# Products for carboy deep clean & brush rust removal



## Ajmassa (Nov 3, 2017)

I picked up a few old carboys and BB's off craigslist and gave em a quick rinse and scrub. (One seems to be 7.5 gal too) But they need a deep heavy clean. 
I've Always used carboy brushes or a homemade drill-mount cleaner (like the one with the blue flaps). My typical routine for dirty carboys has been:
Rinse and blast with garden hose
Shaking around some Piping hot water
OneStep with brush or drilling
K-meta
... but something more is needed here.
I figured 2+ days soak in oxyclean would get the job done. But if anyone knows of a better system I'm all ears. 
And while I'm at it, I've got multiple carboy brushes that have rusted. Any suggested product to soak and remove rust? There's lots of home remedies for rust so I'm just curious who's had success with what. I've used wd40 for rust in the past.


----------



## fivebk (Nov 3, 2017)

There is A product called CLR (calcium lime rust remover).

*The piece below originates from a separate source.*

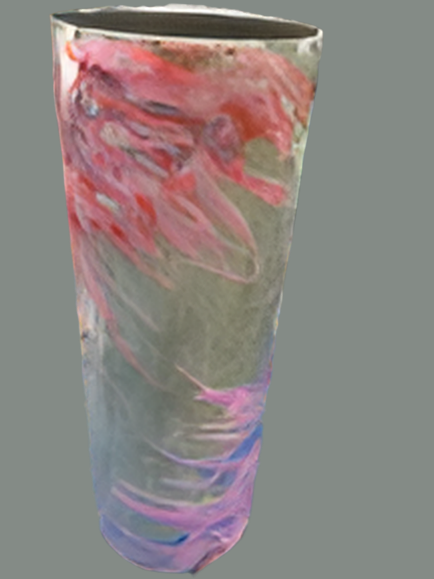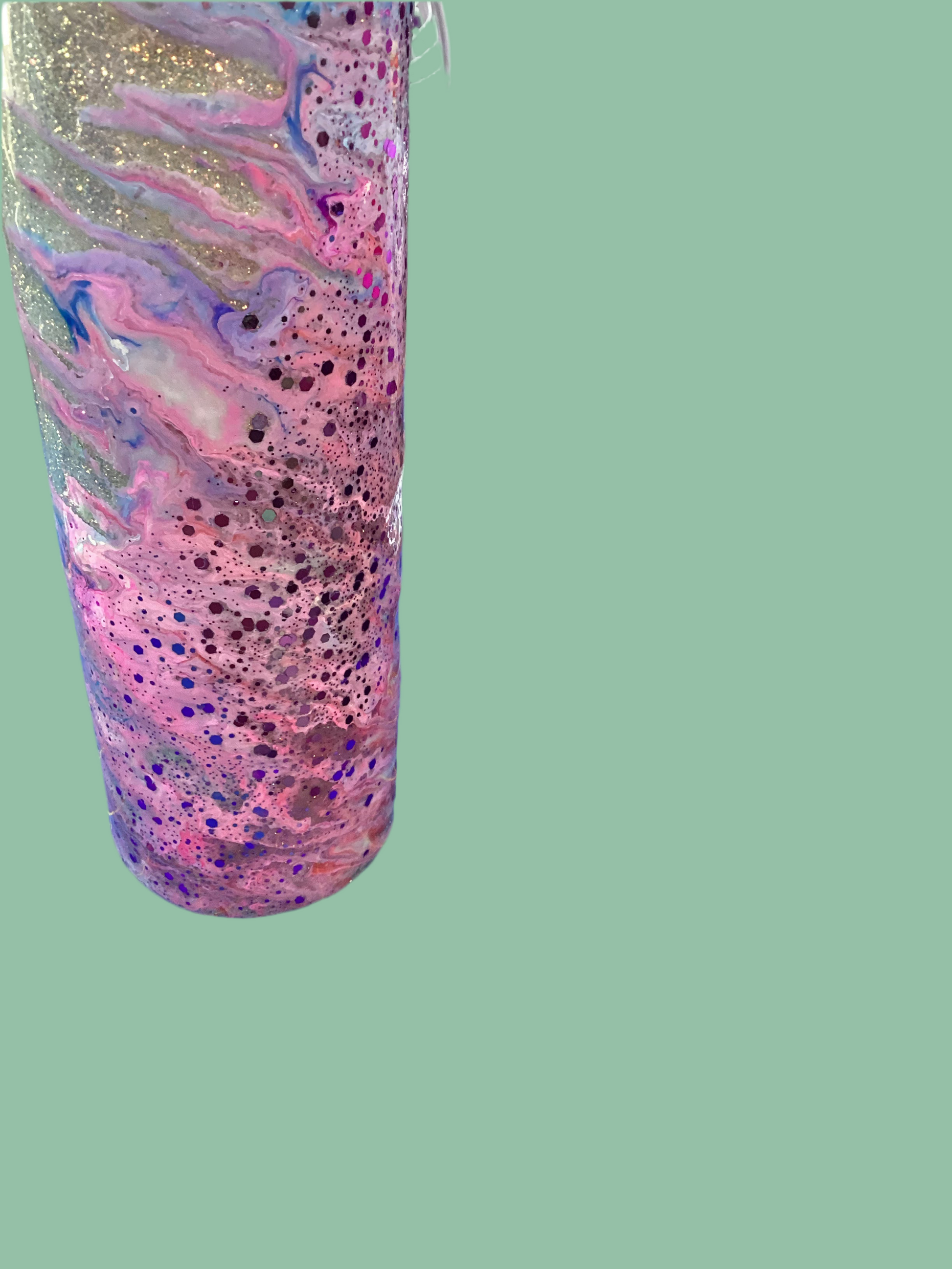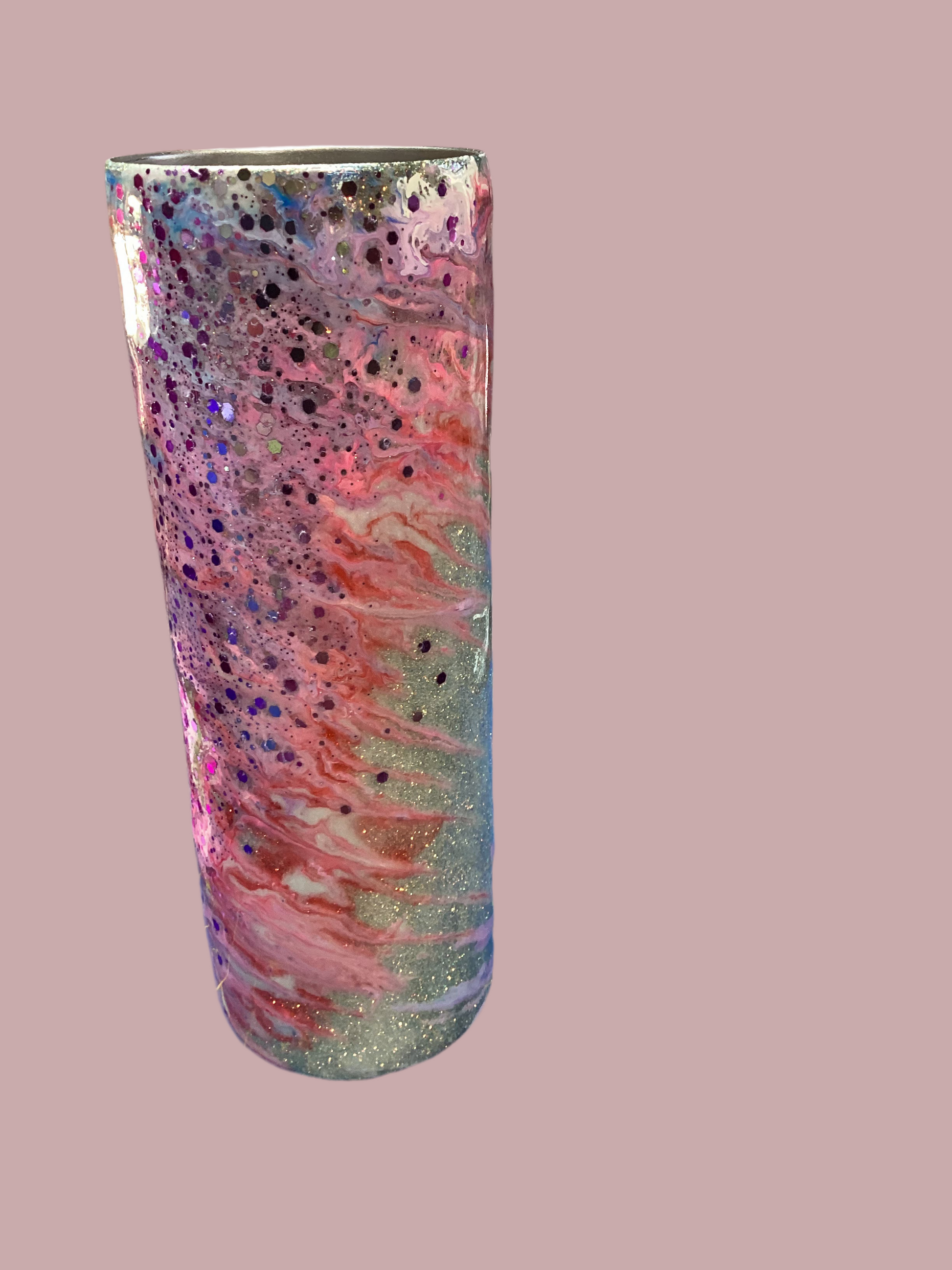 20 oz. Stainless steel tumbler with golden glitter base with twisted stinger design in pinks, purple and white.

Use it, then wash with hot soapy water and rinse several times.

BOB


----------



## sour_grapes (Nov 3, 2017)

I am a big fan of PBW (Powdered Brewery Wash).


----------



## Ajmassa (Nov 3, 2017)

CLR is sold all over I see. I'll give that a shot. Thanks.

I've got PBW, easy clean, and one step. But the carboys have some stains in the glass sitting open for 5 yrs in a garage. I don't think it's mold, but tough to get to. Still can't upload pics. 
I found this thread https://www.winemakingtalk.com/threads/very-dirty-carboys.51388/#post-582513. 
And it's agreed in that thread (by you too Paul) that an oxyclean soak in warm water for a couple days is the way to go.


----------



## Johnd (Nov 3, 2017)

For me, regardless of which cleaner is used, the rubber meets the road with some good old fashioned elbow grease, gotta get in there and exert some cleaning pressure on the interior of the carboy. My tool of choice for the last several years has been the drill mounted cleaner, which puts a lot of contact cleaning on the inside, more than I could ever do with a brush. With hot water and some B-Brite in there, it does great on my carboys.


----------



## GreenEnvy22 (Nov 3, 2017)

The pink bleach powder sold at many wine supply stores works well if you let it soak for several hours.


----------



## Ajmassa (Nov 3, 2017)

John that's always been my thoughts as well. Especially for the difficult areas. The carboy brushes are too gentle for the stubborn crud. And the flapper thing has the advantage there. I made my own but rarely use it since I'm not letting glass get to that point. 
But I gotta soak to soften it up since even the flappers with cleaner couldn't get it. I'm gonna do the oxyclean soak tomorrow and see how it goes. I haven't seen that pink granulated stuff since I was a kid , but I'm gonna look into to that now as well. Thanks.


----------



## Donatelo (Nov 3, 2017)

fill half full of water with dawn dish cleaner. Add marbles . Use the drill mounted agitator You can use pea gravel, ect..


----------



## Sage (Nov 4, 2017)

I've used gravel with cleaner and shook the bottle or carboy. Gravel has sharp edges. I keep a container of BBs, like for an air rifle, to use with cleaners also. They are less abrasive but do work very well for light crud.


----------



## LoveTheWine (Nov 4, 2017)

Oxyclean (scent free). Soak 24hrs, quick scrub and you are good to go


----------



## Johnd (Nov 4, 2017)

If you’re really in a bind, you can use this old waiters trick for cleaning coffee pots: Put crushed ice and rock salt in your carboy and start sloshing it around, works like a charm.


----------



## Ajmassa (Nov 4, 2017)

Johnd said:


> If you’re really in a bind, you can use this old waiters trick for cleaning coffee pots: Put crushed ice and rock salt in your carboy and start sloshing it around, works like a charm.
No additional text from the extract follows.